Aim of the task:
With the pictures set aside, write out all of the data exactly as it stands.

Given information:
******
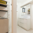 浴室は既存の大きなユニットバスをサイズダウン、理由は大きすぎて冬寒いから。また、寒さ対策の施されたお風呂を追求し、システムキッチンは最新の設備で使いやすさを追求されました。洗面脱衣室はお風呂を小さくすることで広くなり、入口の位置を変えることで洗濯機や化粧台の使いやすさを改善することができました。
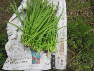 | ニラ、生育順調。2025.05.06 10:57 | ニラ収穫。2025.05.06 10:59 |
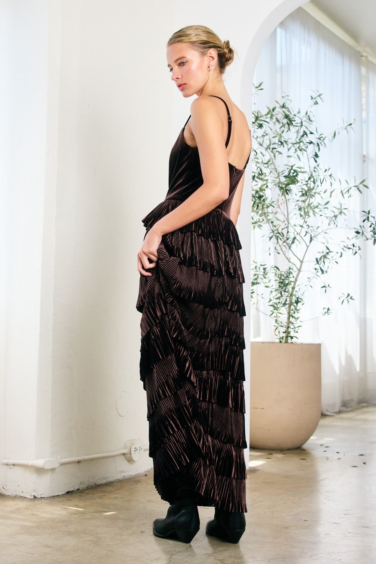 Velvet Pleated Tier Dress - Brown
******
Answer to this task:
 浴室は既存の大きなユニットバスをサイズダウン、理由は大きすぎて冬寒いから。また、寒さ対策の施されたお風呂を追求し、システムキッチンは最新の設備で使いやすさを追求されました。洗面脱衣室はお風呂を小さくすることで広くなり、入口の位置を変えることで洗濯機や化粧台の使いやすさを改善することができました。
 | ニラ、生育順調。2025.05.06 10:57 | ニラ収穫。2025.05.06 10:59 |
 Velvet Pleated Tier Dress - Brown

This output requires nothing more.